Africa Defense Forum
ADF is a professional military magazine published quarterly by U.S. Africa Command to provide an international forum for African security professionals. ADF covers topics such as counter terrorism strategies, security and defense operations, transnational crime, and all other issues affecting peace, stability, and good governance on the African continent.

An Invasive Armada

The Reach of China’s Distant-Water Fishing Fleet Challenges Africa at Sea and on Land

ADF STAFF

The city of Nouadhibou, Mauritania, dangles from the mainland on a tiny peninsula. The city, the second largest in the nation, has nearly 120,000 residents and is a commercial center.

Its harbor is the terminus of the Mauritania Railway line, which hugs the border with Western Sahara for more than half of its transnational length. But the railroad is not the only major infrastructure development in the city. Now Nouadhibou is home to a sprawling port, financed and modernized by a Chinese company, and just one in a series of Belt and Road Initiative (BRI) projects emerging in Africa and elsewhere worldwide.

The project is a clear example of the link between China’s BRI and its distant-water fishing fleet (DWF) and how that link embeds Chinese maritime influence far from home, according to a video by the Center for Strategic and International Studies (CSIS). The port work, financed by China’s Poly Hong Dong Fishery Co. with more than $100 million in investment, hosts large industrial vessels that can scoop up significantly more fish than can the area’s small artisanal fishing canoes.

The port in Nouadhibou, Mauritania, includes fishmeal production plants and $100 million in Chinese investments. Reuters

One fish species, sardinella, is prevalent in the region and common in local diets. The increased capacity of Chinese vessels to extract those migratory fish from its base in Mauritania will spell trouble for other African nations — Senegal, The Gambia, Ghana and Liberia — that also depend on it for artisanal fishing employment and to feed large swaths of their populations, CSIS reported.

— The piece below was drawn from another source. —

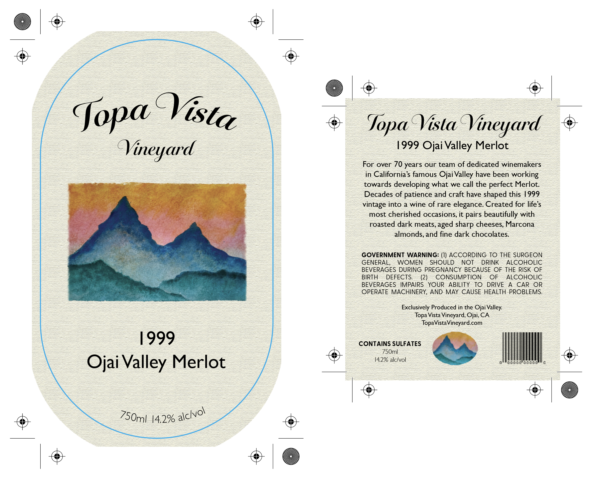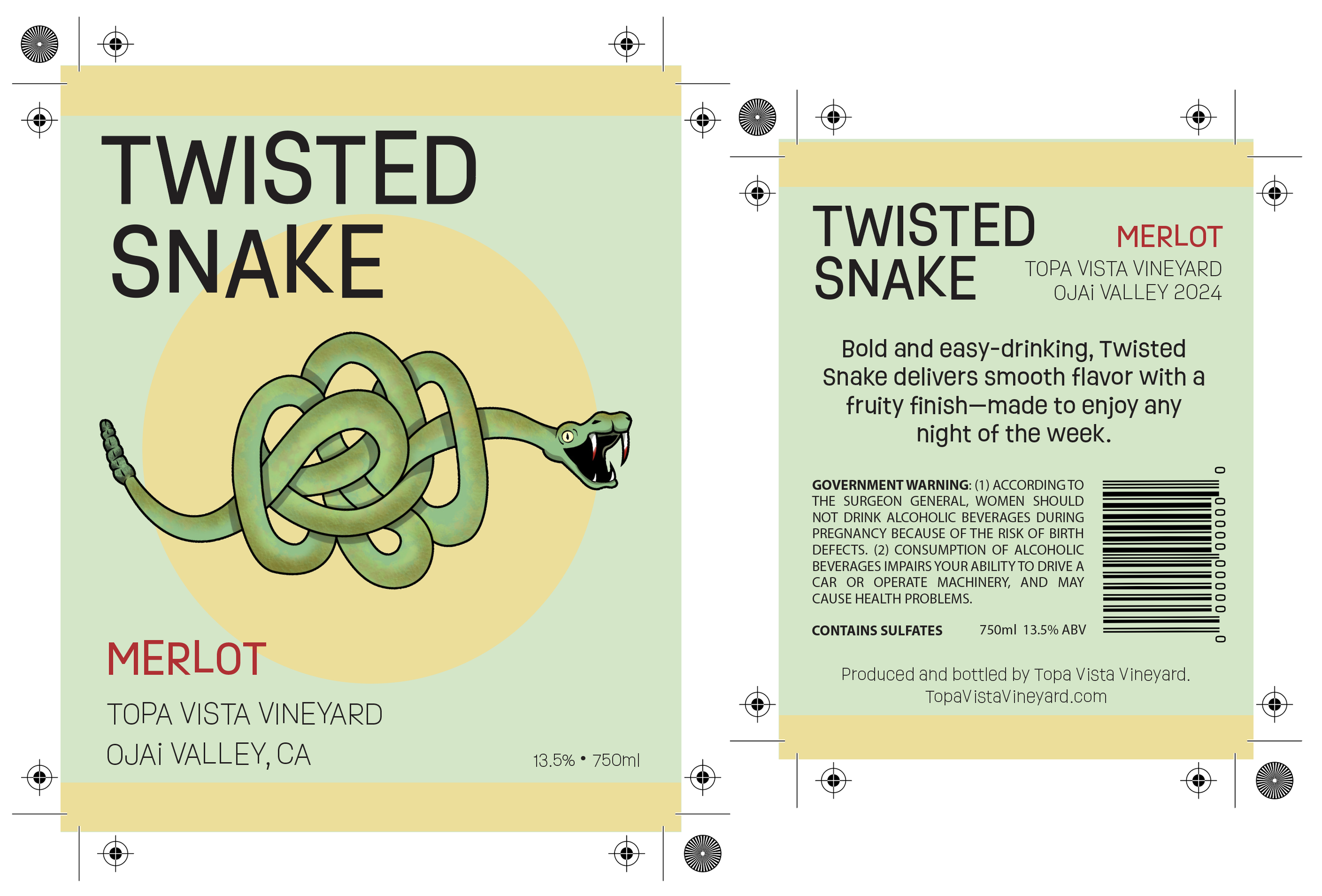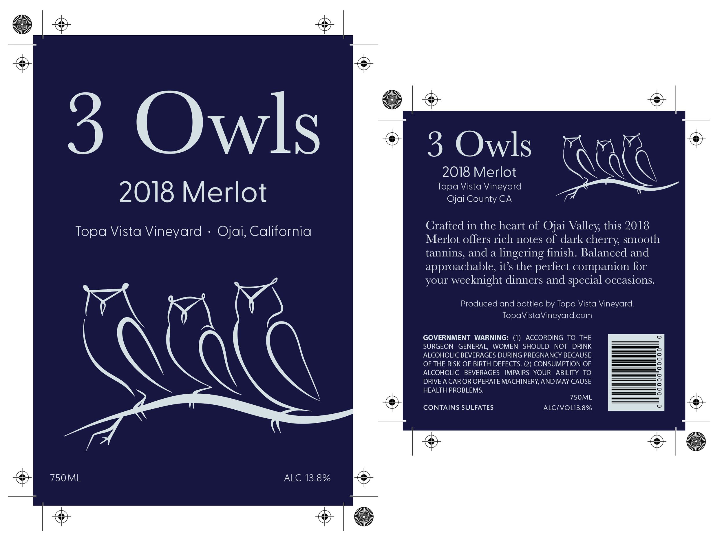 I designed three wine labels at three different price points for Topa Vista Vineyards; all inspired by the beautiful wildlife and scenery of the Ojai valley. The more affordable option: Twisted Snake is catered towards a younger audience. The mid-tier option: 3 Owls offers a slightly more elegant choice. While the premier variety Topa Vista Vineyards’ aged merlot should be reserved for special occasions.

“If we don’t do anything about this problem, we’re really dealing with a challenge on two levels,” Dr. Whitley Saumweber, director of the center’s Stephenson Ocean Security Project, said in the video. “We’re dealing with the challenge of developing coastal states, a challenge that affects their sovereignty, sustainability and security. Sovereignty because they’re losing access to their own natural wealth and control over that natural wealth. Sustainability because they’re losing the ability to manage those resources in a sustainable way. And security because of the potential damage that that lack of management will have for a resource that’s critical to their own food security needs and potential development opportunities.”

THE REACH OF THE FLEET

The size of China’s DWF is open to debate, but the most conservative estimates put it at roughly 3,000 vessels strong. According to China Dialogue Ocean, the fleet, which benefits from significant fuel subsidies, was scooping up 2 million metric tons of fish per year by the end of 2018. The enormous catch provides food to China’s 1.4 billion people, and some is ground into fishmeal for use as aquaculture feed.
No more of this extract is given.